Advent of Code 2021 - Day 10

Useful Links

Concepts and Packages Demonstrated

Parsimonious List Comprehension User-defined exceptions

defaultdictreversing str

Problem Intro

I enjoyed this one. There are a couple of ways of going about the problem, and I ended up writing three different solutions.

Solution #1 - Using the Parsimonious PEG Library
Solution #2 - Writing my own parser
Solution #3 - Stripping out brackets

We’re told that our sub’s navigation data is corrupted. The navigation is our input data, and it looks like this:

[({(<(())[]>[[{[]{<()<>>
[(()[<>])]({[<{<<[]>>(
{([(<{}[<>[]}>{[]{[(<()>
(((({<>}<{<{<>}{[]{[]{}
[[<[([]))<([[{}[[()]]]
...

Each line contains one or more navigation chunks.
Chunks open and close with matching brackets.
Valid brackets are any of (), <>, {}, and [].
Each chunk contains zero or more inner chunks.

We’re told some lines are incomplete, whilst some are corrupted.

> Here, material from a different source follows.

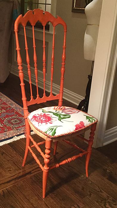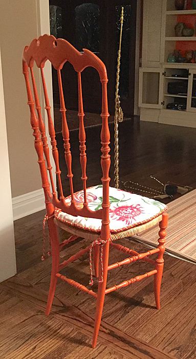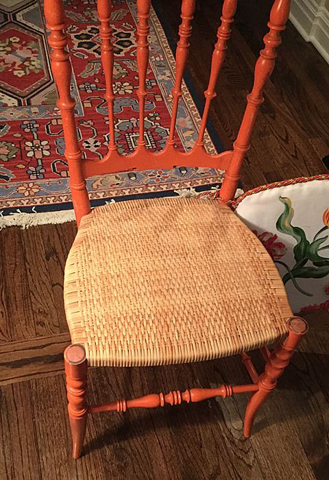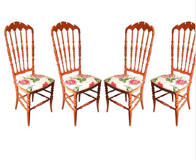 Set of 4 Matching Antique European High Back Cain Seat Chairs. Beautiful, vibrant color with custom made pads. A decorator's choice and excellent addition to home! Each measures approx. Width: 16 inches, Height: 45 inches, Depth: 17 inches. MUST to be picked up or shipped from Port Chester, NY.
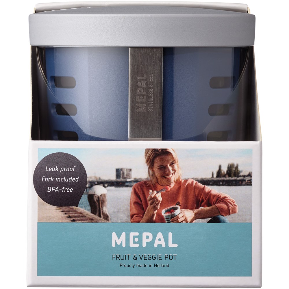 Obst- oder Gemüsebehälter mit Edelstahl-Gabel und Abtropfsieb, das das Ausspülen des Inhalts erleichtert. Zwischen Behälter und Sieb befindet sich ein kleiner Zwischenraum, damit die Speisen direkt abtropfen können. Das Sieb kann herausgenommen werden und der Behälter kann als Salatbehälter verwendet werden. Der Deckel ist kompatibel mit anderen Mepal Pots. Aus strapazierfähigem Material und spülmaschinenfest. Das Fassungsvermögen beträgt 600 ml. Auslaufsicher. BPA frei.

Corrupt lines will have a closing bracket in the wrong place. I.e. because a different closing bracket is expected. For example, "{()()()>" must be corrupt, because we have a > without a corresponding <.
Incomplete lines do not have any closing brackets in the wrong place. But there are chunks still open, and thus missing appropriate closing brackets. For example, "{<<[]>>(" must be incomplete, because the last ( has not been closed, nor has the {.

Solution #1

My first solution uses the very cool Parsimonious. This is a library that allows the parsing of grammars, i.e. a set of terms that follow a defined set of rules. Think of it like regex on steroids, since it has the ability to recognise specific language terms, but also recurse into those terms.

Part 1

We’re ignoring incomplete lines. We’re told to find the first invalid chracter in each corrupted line, and determine its score. Each type of invalid character maps to one of four unique scores. Then we’re asked to add up these scores, to give the total syntax error score.

Setup

Let’s import what we need:

from collections import defaultdict
import logging
import os
import time
from parsimonious import Grammar, ParseError
from parsimonious.exceptions import IncompleteParseError

SCRIPT_DIR = os.path.dirname(__file__) 
INPUT_FILE = "input/input.txt"
# INPUT_FILE = "input/sample_input.txt"

logging.basicConfig(format="%(asctime)s.%(msecs)03d:%(levelname)s:%(name)s:\t%(message)s", 
                    datefmt='%Y-%m-%d %H:%M:%S')
logger = logging.getLogger(__name__)
logger.setLevel(level=logging.INFO)

The solution

Let’s define our Parsimonious Grammar, i.e. the set of rules that determine whether our input is valid.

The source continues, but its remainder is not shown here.